*Recorded data:*
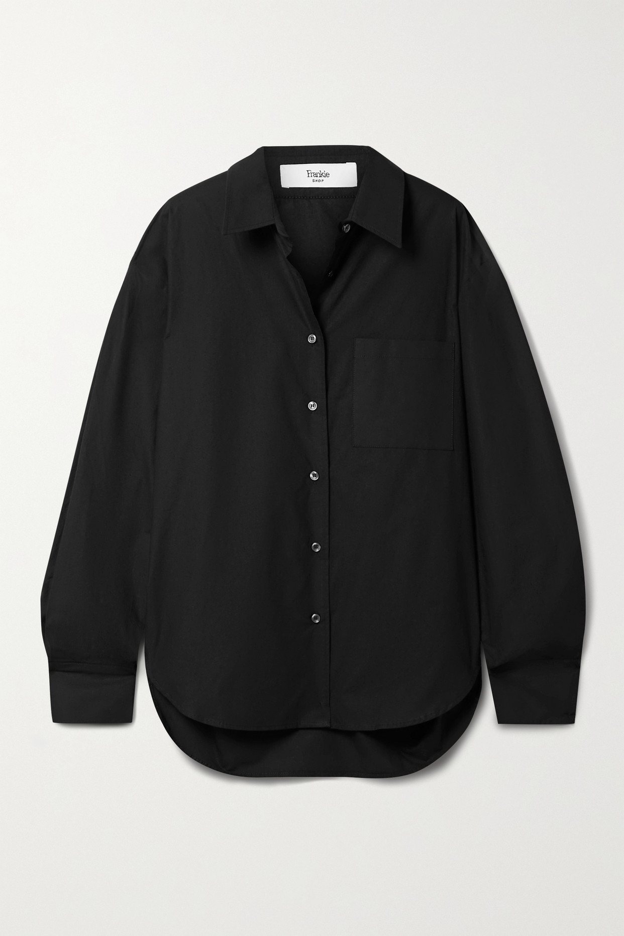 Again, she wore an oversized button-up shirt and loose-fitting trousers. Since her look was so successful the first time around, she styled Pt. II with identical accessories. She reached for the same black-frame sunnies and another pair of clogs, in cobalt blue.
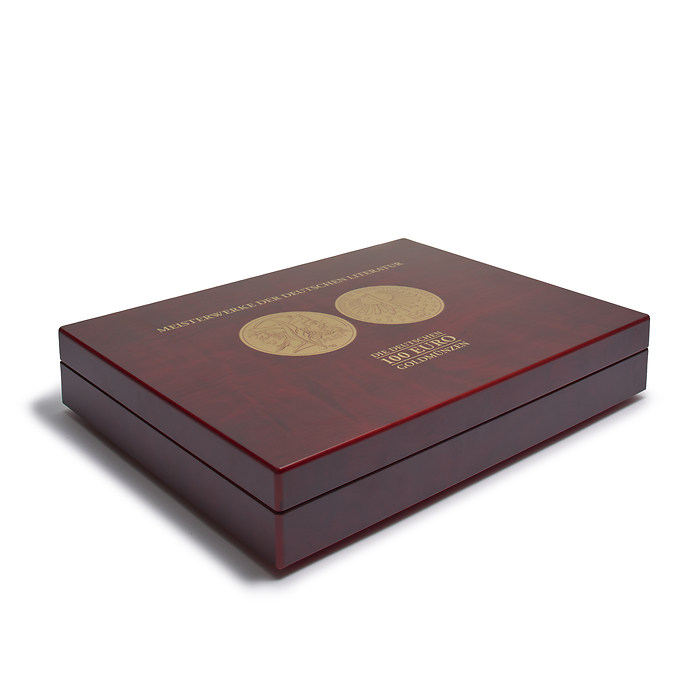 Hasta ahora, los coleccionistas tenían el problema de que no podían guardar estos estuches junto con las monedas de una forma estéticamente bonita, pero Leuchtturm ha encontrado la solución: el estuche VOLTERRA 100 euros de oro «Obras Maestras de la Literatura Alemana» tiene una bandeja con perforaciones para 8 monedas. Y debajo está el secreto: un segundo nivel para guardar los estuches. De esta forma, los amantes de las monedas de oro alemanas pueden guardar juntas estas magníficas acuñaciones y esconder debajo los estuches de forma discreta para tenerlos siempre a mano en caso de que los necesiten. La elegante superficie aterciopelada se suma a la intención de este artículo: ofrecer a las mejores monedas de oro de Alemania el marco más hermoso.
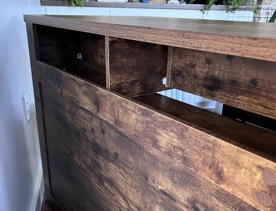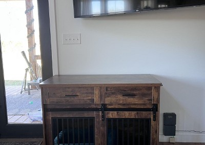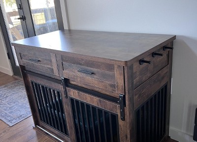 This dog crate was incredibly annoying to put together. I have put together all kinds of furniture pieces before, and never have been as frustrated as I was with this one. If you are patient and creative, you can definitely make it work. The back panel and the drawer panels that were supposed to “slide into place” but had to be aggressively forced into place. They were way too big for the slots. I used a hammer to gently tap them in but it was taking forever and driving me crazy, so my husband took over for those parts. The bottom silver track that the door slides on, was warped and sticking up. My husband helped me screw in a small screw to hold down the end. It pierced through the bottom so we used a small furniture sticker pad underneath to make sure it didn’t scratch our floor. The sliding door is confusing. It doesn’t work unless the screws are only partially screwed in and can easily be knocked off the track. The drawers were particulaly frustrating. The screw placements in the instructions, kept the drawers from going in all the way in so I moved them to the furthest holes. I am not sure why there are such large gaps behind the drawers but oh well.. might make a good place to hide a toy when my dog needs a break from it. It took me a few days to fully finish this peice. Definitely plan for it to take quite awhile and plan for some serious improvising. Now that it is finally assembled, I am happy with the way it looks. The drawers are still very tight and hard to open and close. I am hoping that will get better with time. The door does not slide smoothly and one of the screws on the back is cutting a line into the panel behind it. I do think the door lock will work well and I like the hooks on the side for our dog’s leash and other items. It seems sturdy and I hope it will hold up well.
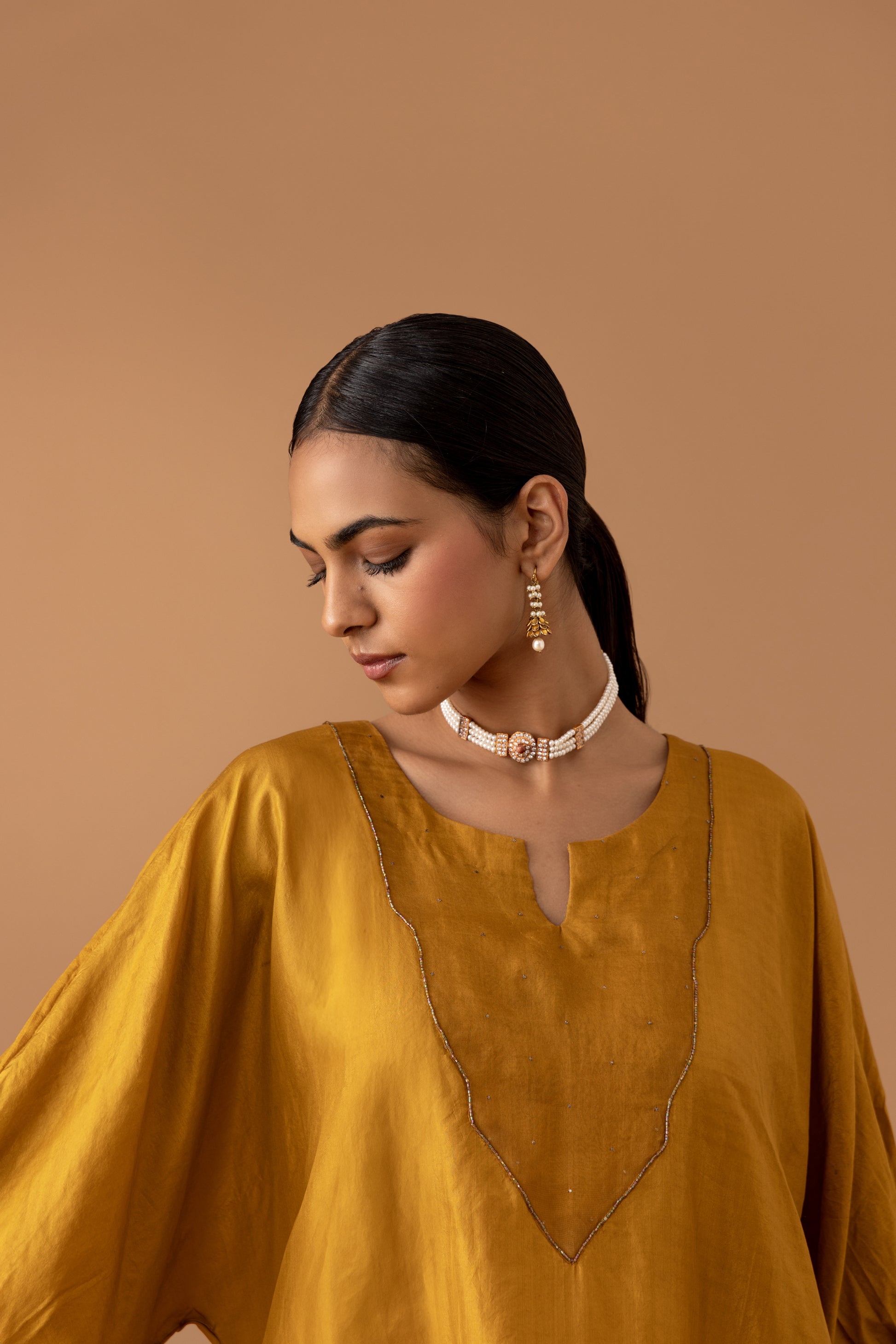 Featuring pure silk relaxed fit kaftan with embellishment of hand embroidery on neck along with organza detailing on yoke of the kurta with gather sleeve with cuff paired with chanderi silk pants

*Task to complete:* Retype all the data exactly. Omit pictures.

*Solution to this task:*
 Again, she wore an oversized button-up shirt and loose-fitting trousers. Since her look was so successful the first time around, she styled Pt. II with identical accessories. She reached for the same black-frame sunnies and another pair of clogs, in cobalt blue.
 Hasta ahora, los coleccionistas tenían el problema de que no podían guardar estos estuches junto con las monedas de una forma estéticamente bonita, pero Leuchtturm ha encontrado la solución: el estuche VOLTERRA 100 euros de oro «Obras Maestras de la Literatura Alemana» tiene una bandeja con perforaciones para 8 monedas. Y debajo está el secreto: un segundo nivel para guardar los estuches. De esta forma, los amantes de las monedas de oro alemanas pueden guardar juntas estas magníficas acuñaciones y esconder debajo los estuches de forma discreta para tenerlos siempre a mano en caso de que los necesiten. La elegante superficie aterciopelada se suma a la intención de este artículo: ofrecer a las mejores monedas de oro de Alemania el marco más hermoso.
 This dog crate was incredibly annoying to put together. I have put together all kinds of furniture pieces before, and never have been as frustrated as I was with this one. If you are patient and creative, you can definitely make it work. The back panel and the drawer panels that were supposed to “slide into place” but had to be aggressively forced into place. They were way too big for the slots. I used a hammer to gently tap them in but it was taking forever and driving me crazy, so my husband took over for those parts. The bottom silver track that the door slides on, was warped and sticking up. My husband helped me screw in a small screw to hold down the end. It pierced through the bottom so we used a small furniture sticker pad underneath to make sure it didn’t scratch our floor. The sliding door is confusing. It doesn’t work unless the screws are only partially screwed in and can easily be knocked off the track. The drawers were particulaly frustrating. The screw placements in the instructions, kept the drawers from going in all the way in so I moved them to the furthest holes. I am not sure why there are such large gaps behind the drawers but oh well.. might make a good place to hide a toy when my dog needs a break from it. It took me a few days to fully finish this peice. Definitely plan for it to take quite awhile and plan for some serious improvising. Now that it is finally assembled, I am happy with the way it looks. The drawers are still very tight and hard to open and close. I am hoping that will get better with time. The door does not slide smoothly and one of the screws on the back is cutting a line into the panel behind it. I do think the door lock will work well and I like the hooks on the side for our dog’s leash and other items. It seems sturdy and I hope it will hold up well.
 Featuring pure silk relaxed fit kaftan with embellishment of hand embroidery on neck along with organza detailing on yoke of the kurta with gather sleeve with cuff paired with chanderi silk pants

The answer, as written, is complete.